With regard to technical feasibility, it should be noted that each additional process step increases the complexity of the production of LIB materials and cells and has a negative impact on the cost situation. While air classification and carbon coating are already used in manufacturing, post-treatment with LiNO₃ and prelithiation are not industrially established processes yet.

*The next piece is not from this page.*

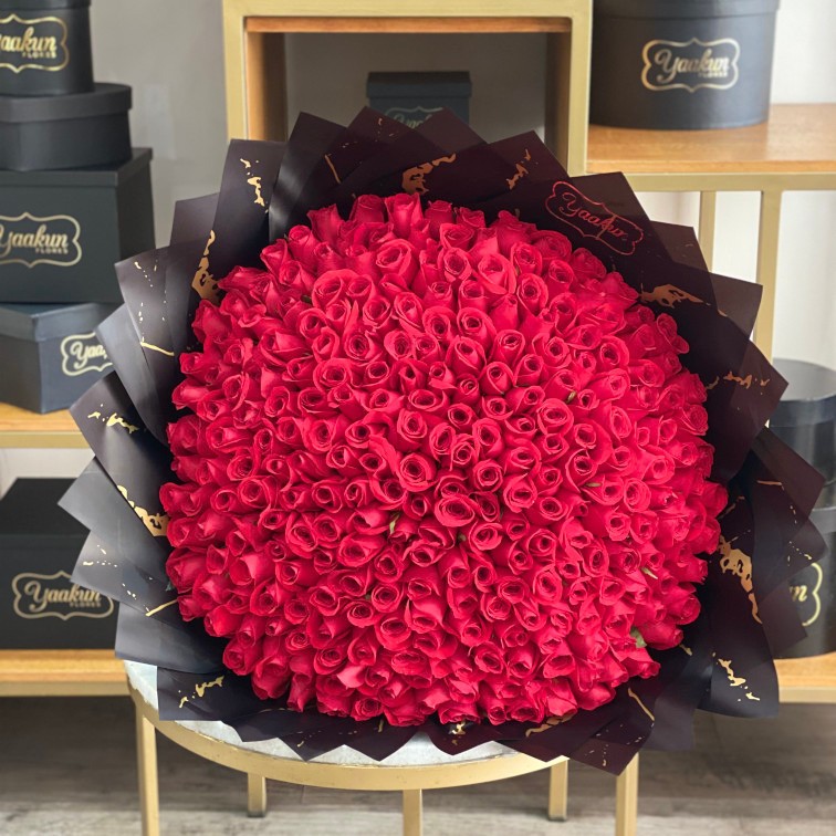 El amor es un compromiso diario. Demuéstralo con este precioso ramo de 365 rosas rojas calidad de exportación con yute y moño de organza, una rosa para cada día del año.

Nevertheless, it could be demonstrated that especially prelithiation has a great potential to significantly improve cycle stability, which should enable a broader market introduction. In combination with prelithiation, the partial lithiation of microscale silicon particles is an ideal approach to increase the volumetric energy density of LIB cells. In order to reach the goal of market introduction, more suitable electrolytes with significantly reduced SEI formation should be developed and the technical feasibility of prelithiation should be evaluated in more detail.